Este espacio intermedio es iniciado en los primeros juegos con al madre, que es capaz de frustrar al bebé, fallar en un sentido positivo, y dar un objeto que pueda representarla. Justamente el objeto transicional, representa al pecho, pero no lo es; está allí en lugar de algo que se encuentra ausente: la madre. El bebé pasa de un estado de fusión, a uno de relación con ella como algo externo y separado. Inicia un proceso de individuación que será el primer paso hacia la construcción de la personalidad.
Winnicott define el espacio transicional como “espacio virtual o potencial”. Con esto se refiere a un espacio que se va generando en la medida en que va siendo ocupado. Este espacio varía mucho entre los diferentes sujetos, ya que se va construyendo de acuerdo a las experiencias que va adquiriendo cada persona con diferentes objetos y fenómenos. Sobre esta base se construye el pensamiento simbólico, ya que el objeto transicional es la primera cosa que, para el niño, ya está representando subjetivamente a otra cosa. Es el modelo de lo que serán todos los futuros procesos de simbolización.

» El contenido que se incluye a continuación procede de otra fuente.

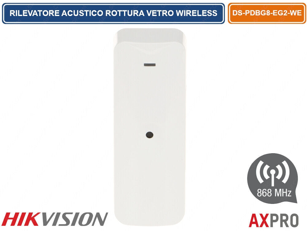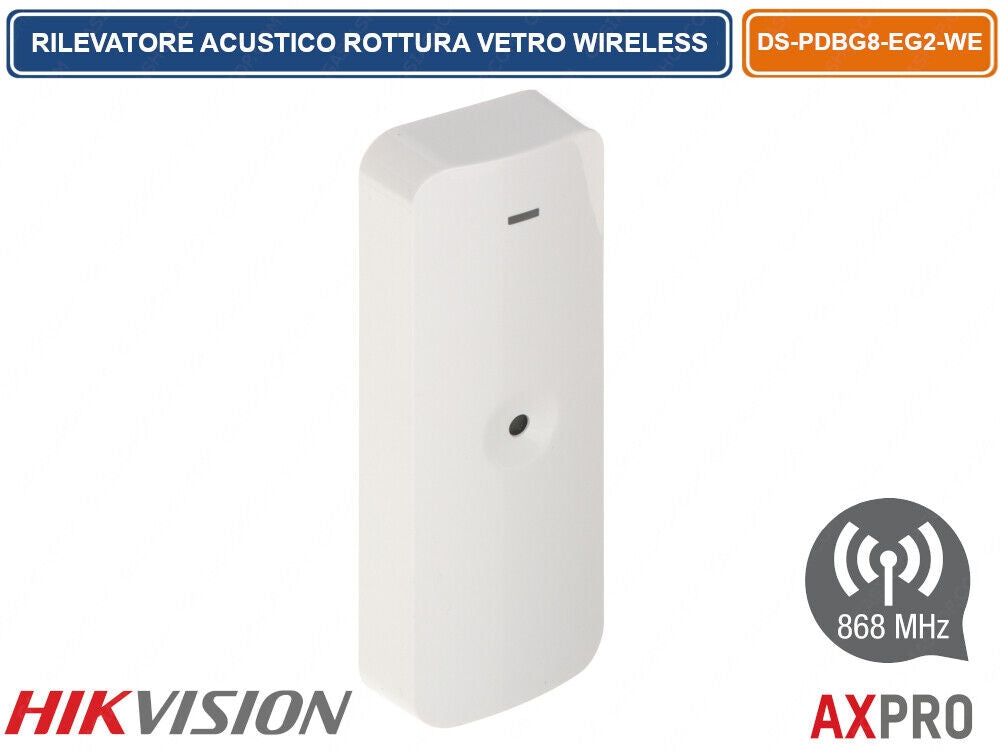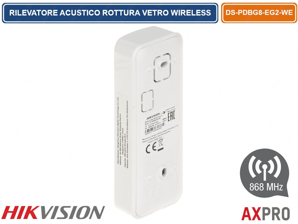 Hikvision Pyronix DS-PDBG8-EG2-WE Glass break sensor detector GLASS BREAK radio PIR Wireless 868MHz bidirectional indoor up to 1600m, range 8m/120°, suitable for different types of glass, Radio Signal Level LED, 128bit encoding, Lithium Battery (Included) 2 x BATT-CR123A. Installable on walls, ceilings, door and window frames and is fully compatible with Hikvision Wireless AXPRO and Pyronix ENF systems. Bidirectional wireless technology, this detector is the ideal choice for having a protected and safe home.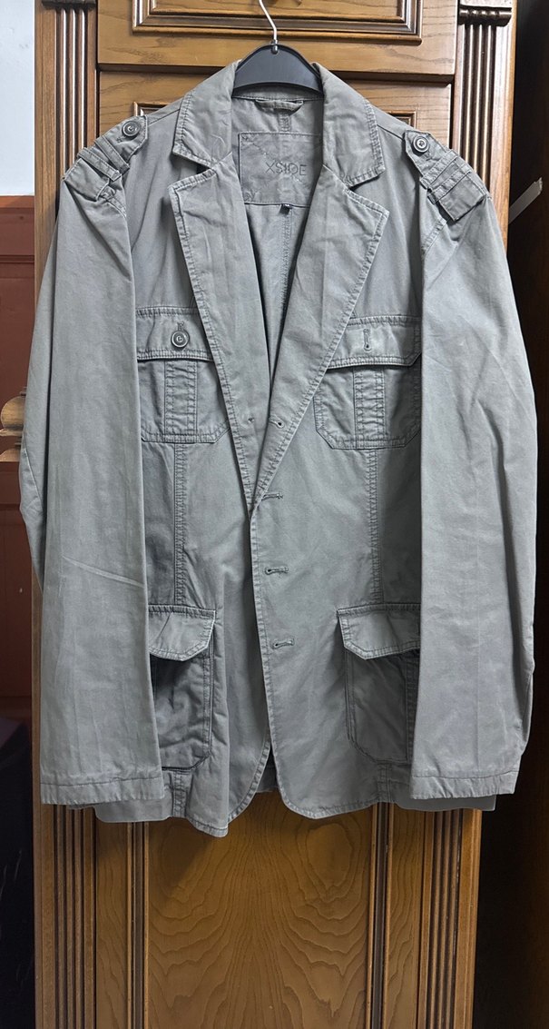 Düğmeli ön kısmı ve kesik yaka detayıyla erkek keten ceket. Gri, uzun kollu, normal midi boyda ve rahat kesimlidir. Günlük sokak stili için uygundur.

“El objeto transicional es un objeto que ha sido elegido por el niño, pudiendo ser su pulgar, puño, trozo de material suave, peluche o cualquier objeto que pueda ocupar un espacio transicional y que el niño usa para confortarse cuando enfrenta la evocación ansiosa por la ausencia de la madre. Por lo tanto, los objetos transicionales deben tener algunos atributos que traigan a la mente del niño un algo de la madre”
(Winnicott)

Winnicott considera que el arte, la ciencia y la técnica podrían ser consideradas como objetos y fenómenos transicionales, ya que son el resultado de la competencia primaria de jugar, explorar y crear, y están en estrecha relación con la capacidad de sublimación y simbolización. Estos le dan soporte al yo para tolerar la sociedad sin mayor angustia y desarrollar sus capacidades exploratorias de autonomía y creatividad.
Pragier y Faure consideran que lo virtual es una herramienta que en sí misma no tiene sentido. Consideran que lo virtual puede llegar a ser un espacio transicional, ya que se trata de un “área de ilusión que no es ni yo ni no-yo”. Puede proveer un placer comparable al juego.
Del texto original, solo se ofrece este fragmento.